1. My mother and I are sitting on the porch swing in the August heat. She is enormously pregnant, and she is asking me what we should name the baby when it comes. “If it’s a girl,” I say, “we should probably call her Laura.” I had recently experienced the god-like power of bestowing a name on a kitten. She was a gray tabby, and I called her Cucumber. I thought her stripes made her look like a cucumber, just gray on gray instead of green on green. “But that’s your name,” my mother says. “We already have a Laura in this family. Maybe we can think of another name.” I consider this. “No,” I say. “If it’s a girl, we should probably call her Laura.” My mother is days away from going into labor. Which means I am a month from turning three.

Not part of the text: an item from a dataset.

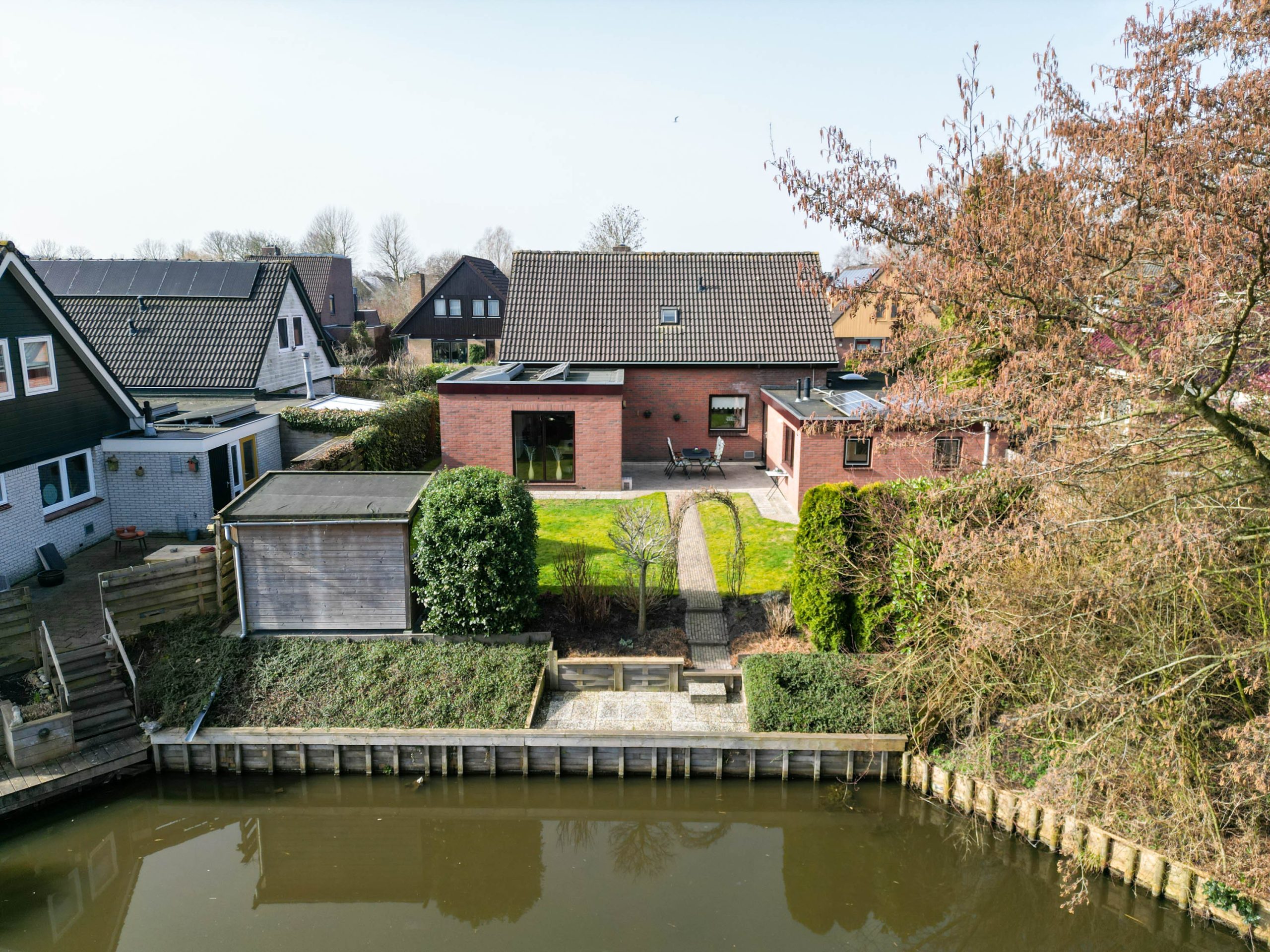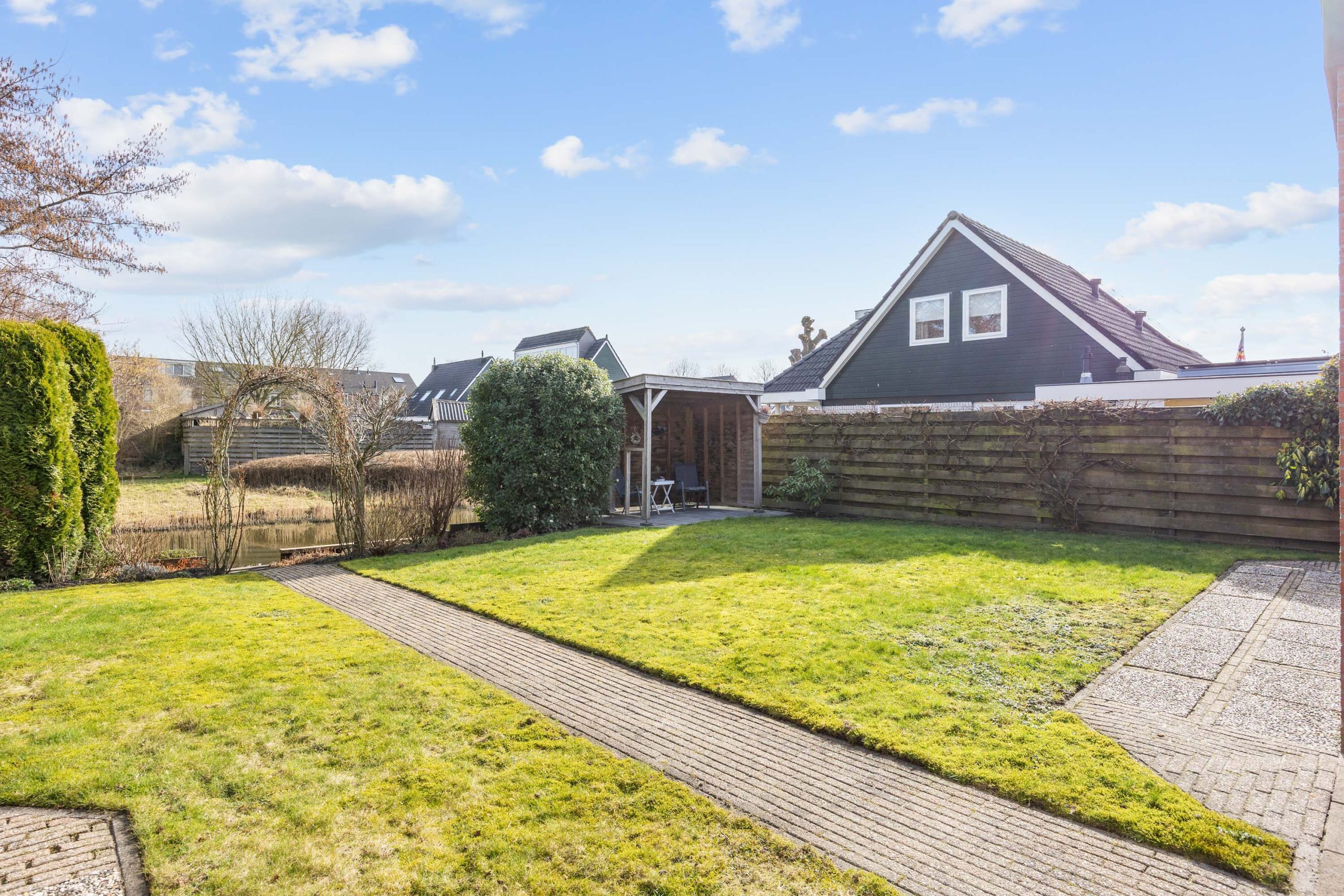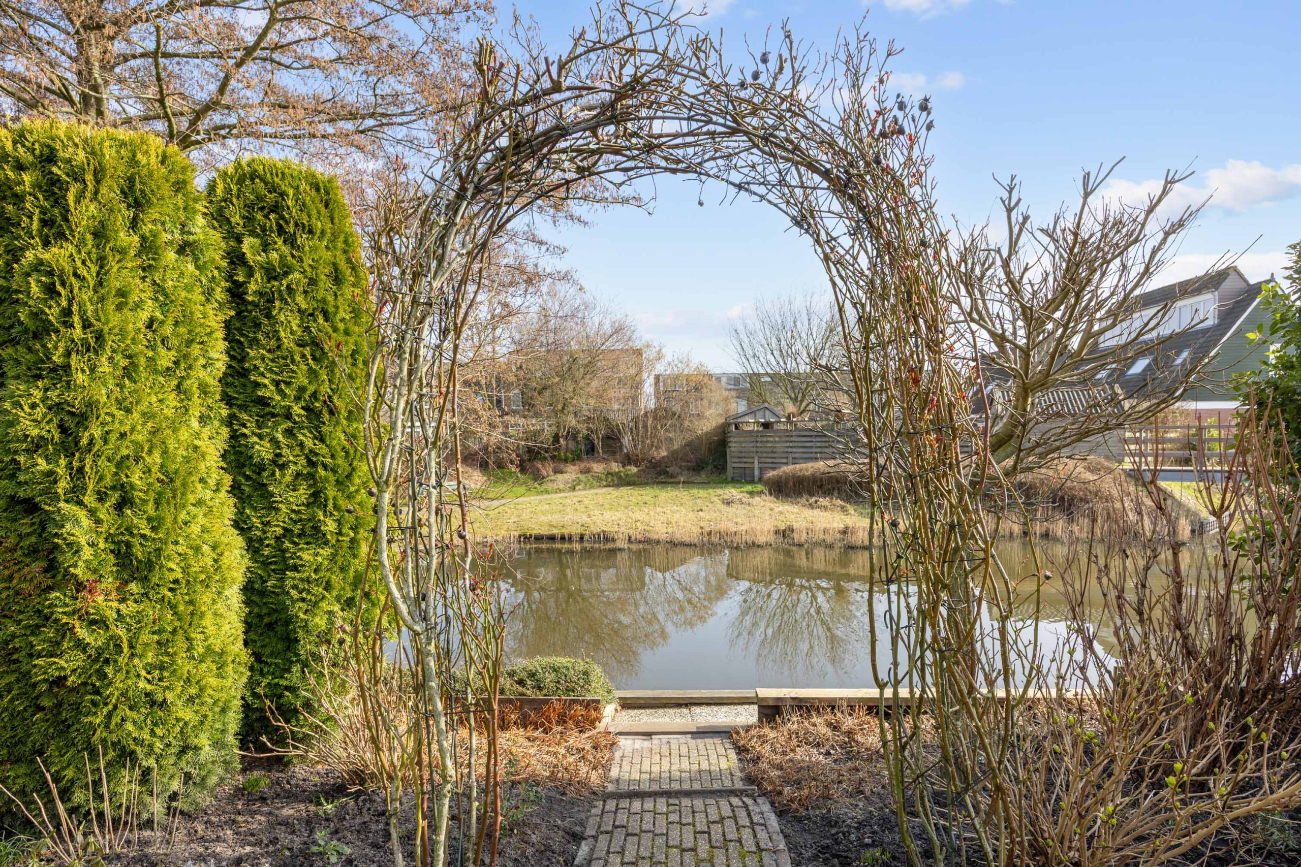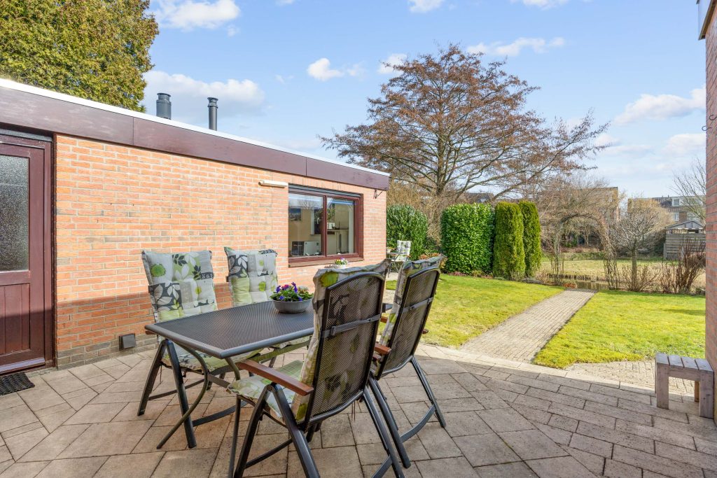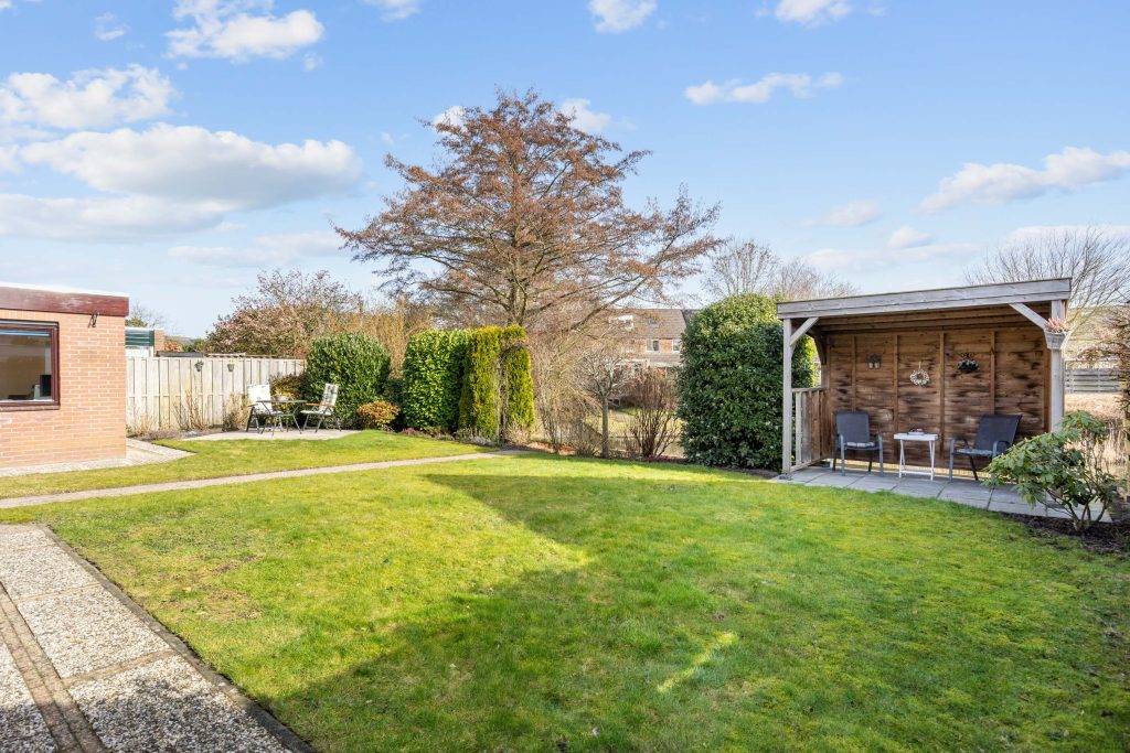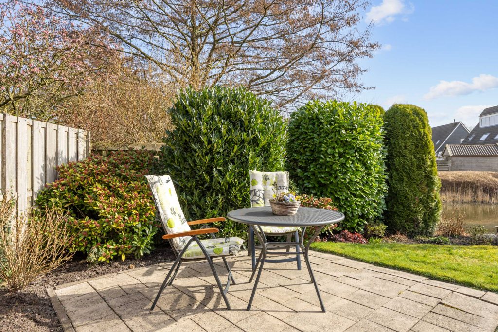 De ruime, zonnige tuin heeft een besloten karakter met veel privacy en bestaat uit een overkapping, gazon, terrassen, borders en grenst direct aan het water van het Geert Reinderspark.
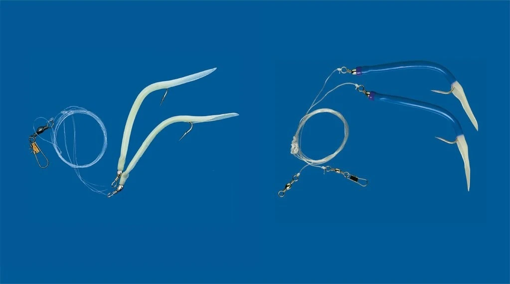 Dieses Vorfach besteht aus zwei Gummi-Makks, die an einer starken 0,80mm monofilen Schnur befestigt sind. Es gibt dieses Rig mit fluofarbenen und blau-fluo Makks in den Größen 4/0, 6/0 und 8/0.

I don’t remember my mother before she was pregnant with my sister. As far as I could tell, she’d always had a baby in her belly. This didn’t seem strange to me. My foster brother, Phuc, had huge scars zigzagging across his belly. I later learned that these scars were from gunshot wounds he suffered in a refugee camp in Malaysia. But when I was small, Phuc would pull up his t-shirt to show me his ripped muscles and wide, pale scars. “I don’t trust American banks,” he told me. “I keep my money sewed up in here.” I loved Phuc, even though the hits he gave me on his cigarettes made me sick. He could catch birds out of the air in his hands. He had a pet pigeon he kept in the back yard. He’d brought it home, lame and broken, and nursed it back to health, and his pigeon lived with our chickens. It scratched and pecked at the chicken feed one of us kids scattered in the dust. It loved Phuc, and had also forgotten how to fly. It roosted and brooded and flapped its hale wings like the other foolish chickens, flight the furthest thing from its mind.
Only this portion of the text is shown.